What a treat it is to have not one, but two actors performing at their peak performance in the same movie. Geoffrey Rush, who is no stranger to being a total badass, plays King George VI’s therapist. Although Rush plays a slight variation of his past characters, he does it so well and injects enough variety to distinguish himself, you don’t mind watching Rush retread the same path. Lionel Logue’s confidence and positive outlook stands in sharp contrast to his pupil’s lack of self confidence and besides the king’s wife and daughters, Logue seems to be the only other person who really cares to see the king succeed in overcoming his stammer (and that’s not simply because he’s getting paid to treat the king). Logue is sort of like Mary Poppins in the sense that he comes into a dour situation and makes things all perfect again. He serves as the reassuring emotional anchor in the picture, which helps to make the audience want to see the therapist succeed in helping the king and for the two of them to forge a lasting friendship. As he’s done in many of his films, Rush adds a healthy dose of humor to THE KING’S SPEECH. His unconventional practices of treating the king and his insistence on treating the king as an equal provide for humorous moments as does the therapist’s hilariously sharp wit.

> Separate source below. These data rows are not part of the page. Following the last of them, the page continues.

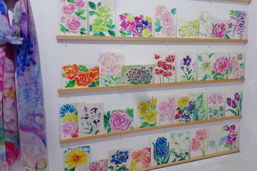 ギャラリー内は、花 花 百花繚乱です。こんな時こそ 花を見てホッとできる一瞬をお届けできたらと、との思いからと、画家は語っています。
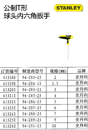 公制T形球头内六角扳手
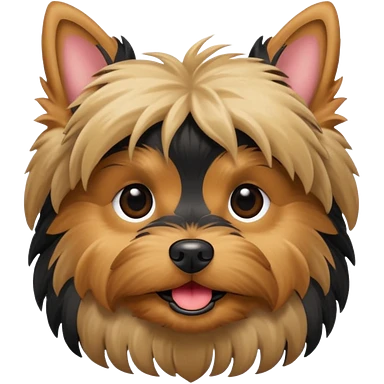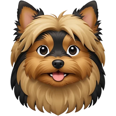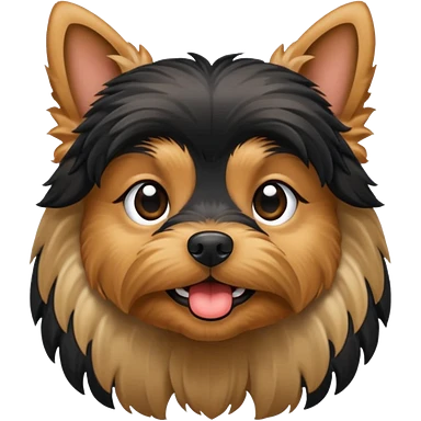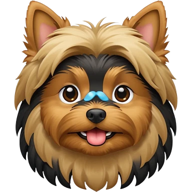 The Yorkshire Terrier, size of the dog really small, like puppy. The dog have a small brown spot on his nose. The dog can be angry or give a kiss emoji
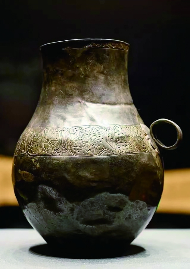 安息国单耳银壶通高15.8厘米,口径7厘米,腹径12厘米,底径5.4厘米。腹侧有一环形把手,口沿、腹部和底边有三组鎏金纹带,口沿勾连纹,腹部纹带由六朵不同形状的花朵组成。整体流溢出巧妙、精美的异域风格。这种风格的银壶在中国境内极少出土,当时考古界对此壶的来源有粟特、希腊、罗马、西亚等不同结论。后经中国考古研究所与德国图宾根大学史前及中世纪考古研究所联合鉴定,认为这是来自安息帝国的艺术品。安息帝国在今天伊朗高原北部,与我国的秦朝和西汉属同一时期,在《史记》《前汉书》《后汉书》多有记载。汉武帝时西域都护班超曾派甘英出使西域,甘英到达最远的国家就是波斯王国前朝的安息国。
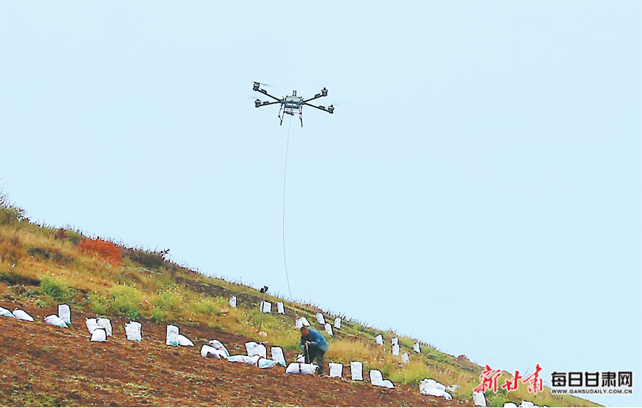 在定西市岷县闾井镇林口村,海拔2800米的山巅上,药农们采挖出一袋袋当归苗,甘肃军红科技有限责任公司的杨均恩操作农用无人机,无人机吊起袋子,稳稳腾空而起,按照预设航线,将当归苗精准投送到山下的货运车,整个过程安全高效。
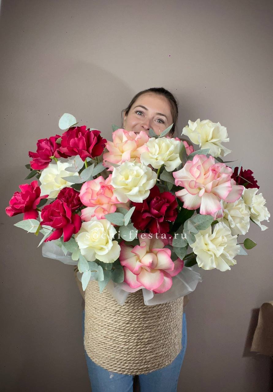 Для заказа товара "35 французских роз микс в джутовом боксе" с доставкой в Нальчике нажмите в корзину
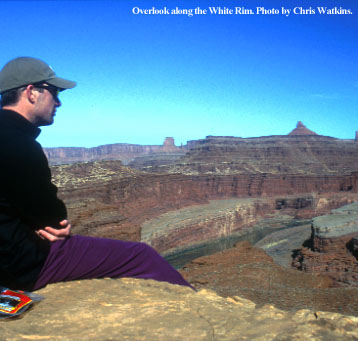 This happy fact is due in large part to Canyonlands' inaccessibility. Two great rivers flow together at its heart, and the arterial erosion of the canyons and gorges draining into this living, beating heart has shaped and carved a land as rugged and difficult to span as any other in the lower 48. We're talking mile upon endless mile of multicolored slickrock like umber skin stretched to the breaking over knobby, jutting ribs and spines and bones of rock, over the very skeleton of the earth. Access roads skirt the borders of this impossible landscape but only suspension-slamming, axle-grinding, virtually impassable 4WD tracks cut into its depths. Most people content themselves with driving to one of the many overlooks about the edges, taking a peek over the brink, then hightailing it back to Moab before the Back of Beyond bookstore closes, where they buy the latest Tom Till coffee table book and call it good. This is too bad, because many of Canyonlands' most enchanting features, its secret arches and hidden alcoves, its hanging gardens and trickling seeps, its stunning ruins and haunting petroglyphs, are hidden away down there, down in the deeps, tucked into and under and between the twisting corridors of stone.
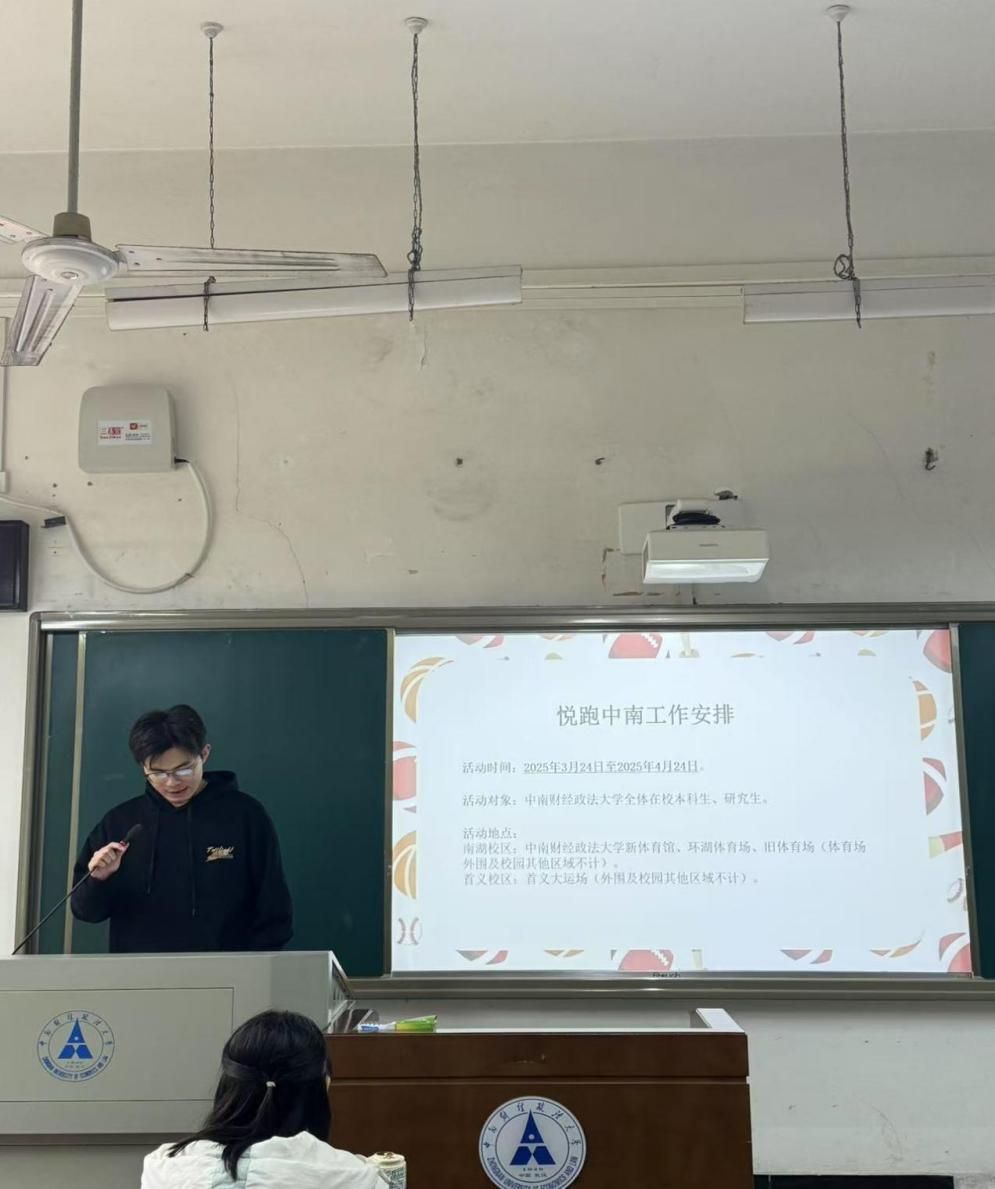 会议第三项,院学生会体育部负责人蔡伊忍对本学期春季体育工作进行安排,主要围绕2025年“悦动青春”体育系列活动展开,提出了对本学期体育部举办活动的具体要求和展望。他希望体育部干事们真抓实干,以更饱满的热情和更高昂的斗志向着既定的目标前进。

As little as is known of the director, Tom Hooper, the same can be said of his cinematographer, Danny Cohen. This duo seems to have come out of nowhere and fashion together one of the most beautiful looking films of 2010. Cohen and Hooper beautifully utilize the screen space to compose pause-worthy frames. Through the use of composition, a desaturated color palette, and lighting that employs strong contrasts between light and dark, the film paints a picture of cold and foreboding grimness that appropriately reflects England’s moment of crisis in the face of impending war, the abdication of the Duke of Windsor from the throne, and the ascension of his stammering brother toward whom no one seemed to have any confidence in. Hooper and Cohen craft this film with a sure and disciplined hand that makes it all the more wondrous that such no-names could have made something like this.

THE KING’S SPEECH may not contain the excitement of a modern psychological thriller like BLACK SWAN does or the relatable drama in THE SOCIAL NETWORK and this film may even turn some off with its British genteelism. However, you can’t ask for more compelling conflicts than what you will find here and its sharp and acerbic humor is worth the price of admission alone. This isn’t Merchant/Ivory if that’s what you suspect this movie is. This movie is not about a bunch of Brits who break the sexual mores of Victorian society in subtle ways that pale in comparison to the shit we see in modern society. THE KING’S SPEECH is more relatable. Its inspirational in every way that it is dramatic and funny. This is a film not to be missed and its one you will surely hear more about as Oscar season draws nearer.